Annesi dedi ki: ‘Ey oğulcuğum! Sen kendini benden daha iyi bilirsin. Sen kendinin doğru yolda olduğunu ve ona çağırdığını biliyorsan ona devam et. Bu uğurda arkadaşların öldürüldü. İpini Ümeyyeoğullarının çocuklarının eline verip de seninle oynamalarına izin verme. Yok eğer sen sadece dünyalık istiyorsan, o zaman ne kötü bir kulsun! Hem kendini hem de seninle beraber öldürülenleri helak etmiş olursun.’

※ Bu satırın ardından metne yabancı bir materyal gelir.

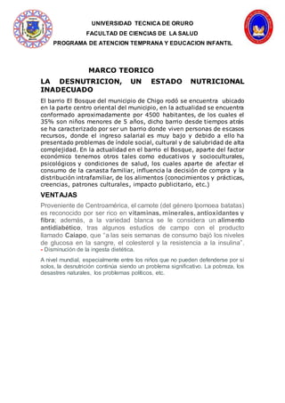 El documento describe la desnutrición en un barrio de Bolivia y sus causas. Explica que el barrio El Bosque tiene alrededor de 4500 habitantes, de los cuales el 35% son niños menores de 5 años. Los residentes tienen pocos recursos y bajos ingresos, lo que ha causado problemas de salud y nutrición. La desnutrición continúa siendo un problema significativo para los niños en todo el mundo debido a la pobreza, desastres naturales y problemas políticos.

Bu sözler üzerine İbnu’z-Zubeyr, annesine yaklaşıp onu başından öptü ve şunları söyledi: ‘Vallahi ben de öyle düşünüyordum. Bugün insanları çağırdığım uğurda dünyaya meyletmedim ve dünyada yaşamayı arzulamadım. Beni (düzene) karşı çıkmaya iten sebep sadece Allah için olan öfkedir. Ancak senin de fikrini öğrenmek istedim. Basiretime basiret ve güç kattın. Ey Anneciğim! Bana bak; ben bugün öldürüleceğim, bana olan feryadın aşırı olmasın. Beni Allah’ın emrine bırak. Şüphesiz senin oğlun kötülük işlemeye yeltenmedi ve çirkin iş de yapmadı. Hiçbir hükümde zulmetmedi, verdiği hiçbir güvencede ihanet etmedi. Hiçbir Müslim’e veya anlaşmalı kimseye karşı zulme yeltenmedi. Bana ulaşan hiçbir zulme rıza göstermedim, aksine o zulmü reddettim. Benim nezdimde Rabbimin rızasından daha üstün hiçbir şey olmadı. Allah’ım! Ben bu sözleri kendimi temize çıkarmak için söylemiyorum. Sen beni daha iyi bilirsin. Ancak ben bu sözleri teselli olsun diye annemin üzüntüsünü hafifletmek için söylüyorum.’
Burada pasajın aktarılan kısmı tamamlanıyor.